When using side outputs, you first need to define an OutputTag
that will be used to identify a side output stream:
Java
// this needs to be an anonymous inner class, so that we can analyze the type
OutputTag<String> outputTag = new OutputTag<String>("side-output") {};
Scala
val outputTag = OutputTag[String]("side-output")
Python
output_tag = OutputTag("side-output", Types.STRING())
Notice how the OutputTag
is typed according to the type of elements that the side output stream contains.
Emitting data to a side output is possible from the following functions:
- ProcessFunction
- KeyedProcessFunction
- CoProcessFunction
- KeyedCoProcessFunction
- ProcessWindowFunction
- ProcessAllWindowFunction
You can use the Context
parameter, which is exposed to users in the above functions, to emit data to a side output identified by an OutputTag
. Here is an example of emitting side output data from a ProcessFunction
:
Java
DataStream<Integer> input = ...;
final OutputTag<String> outputTag = new OutputTag<String>("side-output"){};
SingleOutputStreamOperator<Integer> mainDataStream = input
.process(new ProcessFunction<Integer, Integer>() {
@Override
public void processElement(
Integer value,
Context ctx,
Collector<Integer> out) throws Exception {
// emit data to regular output
out.collect(value);
// emit data to side output
ctx.output(outputTag, "sideout-" + String.valueOf(value));
}
});
Scala
val input: DataStream[Int] = ...
val outputTag = OutputTag[String]("side-output")
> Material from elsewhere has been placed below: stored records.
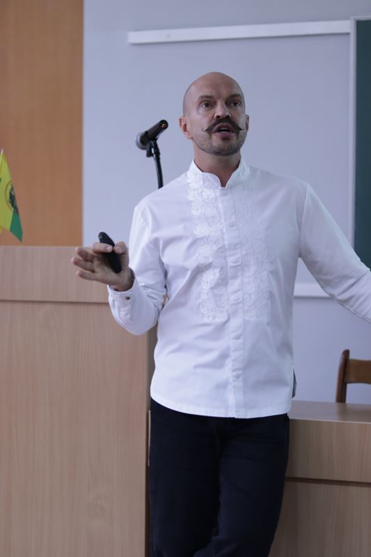 Днями на запрошення завідувачки кафедри готельно-ресторанної справи, доцентки Лариси Шаран до університету завітав Володимир Ярославський з лекторієм «Філософія роботи».
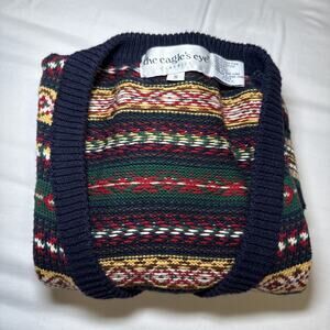 Vtg Eagles Eye Classics Cardigan Sweater Colorful Fair Isle Striped Small EUC
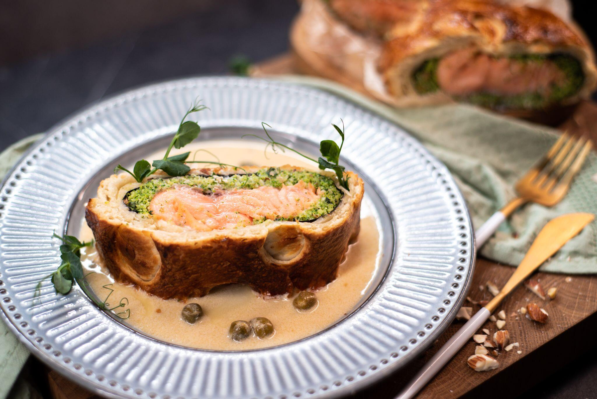 Это блюдо сочетает в себе утонченность и великолепный вкус. Velington с лососем, завернутый в аппетитное слоеное тесто, поражает своей изысканностью и подойдет для любого торжества.
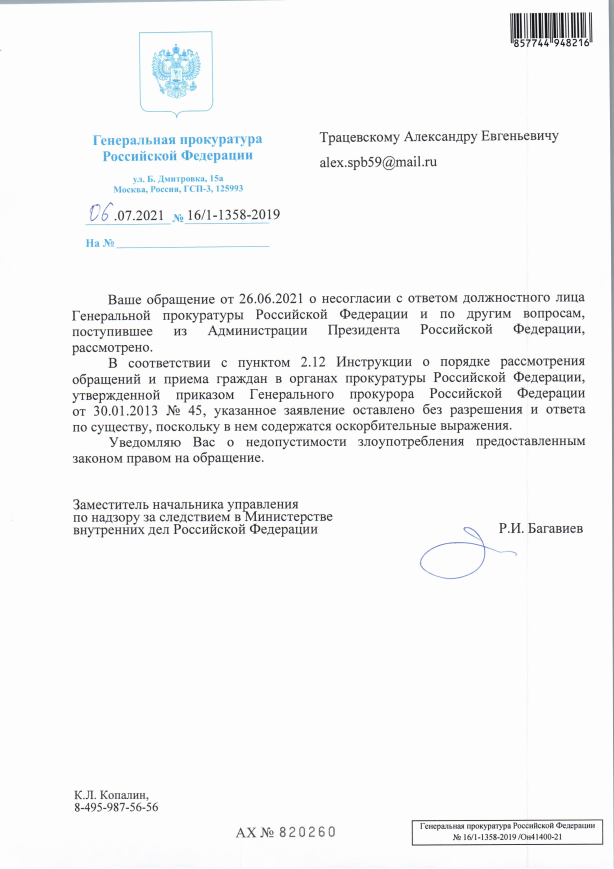 ВОТ ТАК ОНА «ОСКОРБЛЕННАЯ» ГЕН. ПРОКУРАТУРА ПРИКРЫВАЕТ СВОЕ СОБСТВЕННОЕ, ОСОЗНАННОЕ БЕЗДЕЙСТВИЕ НА ПРОТЯЖЕНИИ ДВАДЦАТИ ОДНОГО ГОДА!!! РУКАМИ НЕОДНОКРАТНО УПОМИНАЕМОГО МНОЙ ЗАМ. НАЧАЛЬНИКА УПРАВЛЕНИЯ ПО СОКРЫТИЮ ПРЕСТУПЛЕНИЙ В МВД ГОСПОДИНА Р.И.БАГАВИЕВА , В ИСПОЛНЕНИИ НЕКОЕГО ОЧЕРЕДНОГО, НОВОГО ПЕРСОНАЖА, ПИСАРЧУКА К.Л.КОПАЛИНА В ТЕЧЕНИИ КОТОРЫХ ОНИ ПОКРЫВАЮТ ПРЕЖДЕ ВСЕГО МПГ ПО ТОРГОВЛЕ ЛЮДЬМИ ЯБЛОКОВА И.Б., ЛЖЕКРЕДИТОРОВ И ВОРОВ ВСЕГО НАШЕГО ИМУЩЕСТВА ПОДОНКОВ ИЗ ЗАО «РИК» -ТАРЛЕР Е.Л….ЛЖЕДОВЕРЕННОГО ОТ ИХ ИМЕНИ ЛИЦА, ОРУДОВАВШЕЙ ПО ПОДДЕЛЬНОЙ ДОВЕРЕННОСТИ ГОСПОЖИ МАРКОВОЙ В ПРОДАЖНОМ СУДЕ ВЫБОРГСКОГО Р-НА СПб В 2005г, Т.Е. ЧЕТЫРЕ ГОДА СПУСТЯ!!! ПОСЛЕ ПОДАЧИ НАШЕЙ СЕМЬЕЙ ИСКОВОГО ЗАЯВЛЕНИЯ В ЭТОТ СУД, ГДЕ ОНО ОКАЗАЛОСЬ В ЛАПАХ КОРРУМПИРОВАННОЙ СУДЬИ КОЛОМИЕЦ О.Л.!!! НИ ОДИН ИЗ ЭТИХ ФАКТОВ ТАК И НЕ БЫЛ ПРОВЕРЕН НИ МВД, НИ ПРОКУРАТУРОЙ ЗА ВСЕ ГОДЫ!!! ПОДОБНЫЙ БЕСПРЕДЕЛ ВСЕ ДВАДЦАТЬ ОДИН ГОД ТВОРИТСЯ СО СТОРОНЫ ГУ МВД ПО СПБ и ЛО , В Т.Ч. СО СТОРОНЫ ЗАМ. НАЧАЛЬНИКА ГСУ МВД УСТЮЖАНИНА М
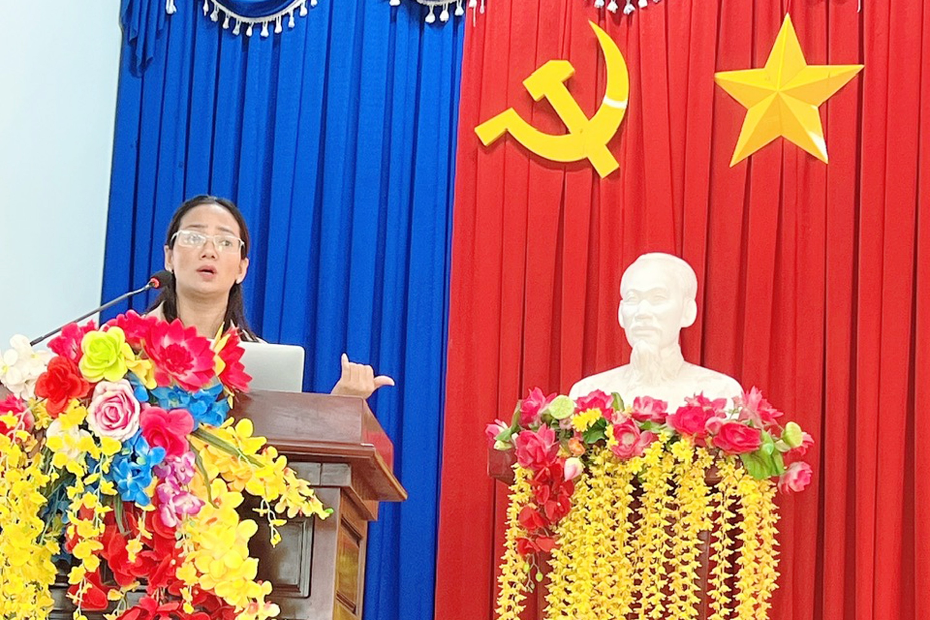 Bà Phan Thị Vân Phó Giám đốc Trung tâm Trợ giúp pháp lý tỉnh Bình Phước phổ biến giáo dục pháp luật
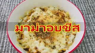 มาม่าอบชีส ส่วนผสม 1.มาม่าแบบแห้งรสฮอตโคเรียน 2.ไข่ไก่ 2 ฟอง 3.น้ำตาล 1 ช้อนชา 4.พริกไทยป่น ครึ่งช้อนชา 5.ซีอิ้วขาว 1 ช้อนชา 6.ซอสหอย 1 ช้อนชา 7.น้ำสะอาด ครึ่งถ้วย 8.ชีส 9.พริกปาปริก้าและออริกาโน่เล็กน้อย วิธีการทำ 1.ตอกไข่ไก่ใส่ถ้วย ปรุงรสด้วยน้ำตาล พริกไทยป่น ซีอิ้วขาว ซอสหอย น้ำ ตีให้เข้ากัน ปิดด้วยฟลอยเจาะรู เข้าไมโครเวฟ 3 นาที 2.ตั้งน้ำเอามาม่าต้ม 2 นาที ตักใส่ถ้วยใส่เครื่องปรุงมาม่าคลุกให้เข.. ดูเพิ่ม
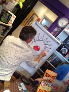 Not only did Martin sign books, posters and Rattus stickers, he also spent time talking to all of our visitors. The rather bizarre creation pictured above was drawn by Martin, who asked the children for suggestions to create a character. So now we have a weird and wonderful original Martin Brown drawing. Yay!
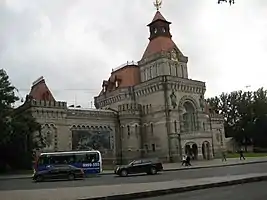 - Государственный мемориальный музей А. В. Суворова. Мозаичное панно на фасаде здания с картины А. Н. Попова "Переход русских войск через Альпы в 1799 году".

val mainDataStream = input
.process(new ProcessFunction[Int, Int] {
override def processElement(
value: Int,
ctx: ProcessFunction[Int, Int]#Context,
out: Collector[Int]): Unit = {
// emit data to regular output
out.collect(value)
// emit data to side output
ctx.output(outputTag, "sideout-" + String.valueOf(value))
}
})
Python
input = ... # type: DataStream
output_tag = OutputTag("side-output", Types.STRING())
class MyProcessFunction(ProcessFunction):
def process_element(self, value: int, ctx: ProcessFunction.Context):
# emit data to regular output
yield value
# emit data to side output
yield output_tag, "sideout-" + str(value)
main_data_stream = input \
.process(MyProcessFunction(), Types.INT())
For retrieving the side output stream you use getSideOutput(OutputTag)
on the result of the DataStream
operation. This will give you a DataStream
that is typed to the result of the side output stream:
Java
final OutputTag<String> outputTag = new OutputTag<String>("side-output"){};
SingleOutputStreamOperator<Integer> mainDataStream = ...;
DataStream<String> sideOutputStream = mainDataStream.getSideOutput(outputTag);
Scala
val outputTag = OutputTag[String]("side-output")
val mainDataStream = ...
val sideOutputStream: DataStream[String] = mainDataStream.getSideOutput(outputTag)
Python
output_tag = OutputTag("side-output", Types.STRING())
main_data_stream = ... # type: DataStream
side_output_stream = main_data_stream.get_side_output(output_tag) # type: DataStream
Note If it produces side output, get_side_output(OutputTag)
must be called in Python API. Otherwise, the result of side output stream will be output into the main stream which is unexpected and may fail the job when the data types are different.